▶ _Task goal_: From the listing below, copy only the lines running from the line that contains "Romania flag, Mega" to the line that contains "Jack A4E Lineare", both included.

▶ _Dataset_:
*** Block opens ***

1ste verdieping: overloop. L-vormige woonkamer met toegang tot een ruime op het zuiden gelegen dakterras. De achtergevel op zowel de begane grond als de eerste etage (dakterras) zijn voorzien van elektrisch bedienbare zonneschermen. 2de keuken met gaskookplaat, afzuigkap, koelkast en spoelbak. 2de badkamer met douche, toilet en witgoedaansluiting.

*** Block closes ***
*** Block opens ***

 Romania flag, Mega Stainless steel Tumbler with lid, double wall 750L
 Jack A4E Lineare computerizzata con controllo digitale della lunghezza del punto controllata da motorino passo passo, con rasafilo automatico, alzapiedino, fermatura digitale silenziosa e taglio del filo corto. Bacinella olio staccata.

*** Block closes ***
*** Block opens ***

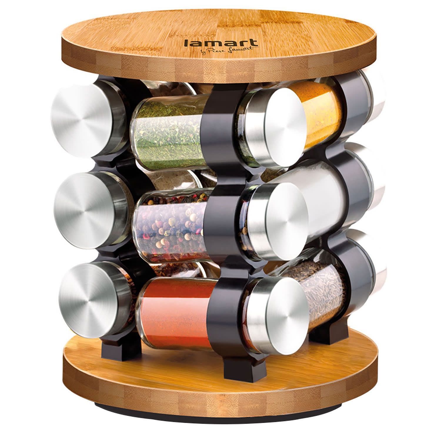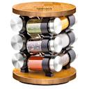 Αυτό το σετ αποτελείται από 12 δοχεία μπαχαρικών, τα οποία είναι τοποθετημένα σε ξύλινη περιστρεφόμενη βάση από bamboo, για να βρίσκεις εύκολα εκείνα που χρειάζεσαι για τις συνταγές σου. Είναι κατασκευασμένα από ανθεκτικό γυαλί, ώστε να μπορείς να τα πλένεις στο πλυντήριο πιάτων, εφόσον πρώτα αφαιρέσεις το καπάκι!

*** Block closes ***

▶ _Response_:
 Romania flag, Mega Stainless steel Tumbler with lid, double wall 750L
 Jack A4E Lineare computerizzata con controllo digitale della lunghezza del punto controllata da motorino passo passo, con rasafilo automatico, alzapiedino, fermatura digitale silenziosa e taglio del filo corto. Bacinella olio staccata.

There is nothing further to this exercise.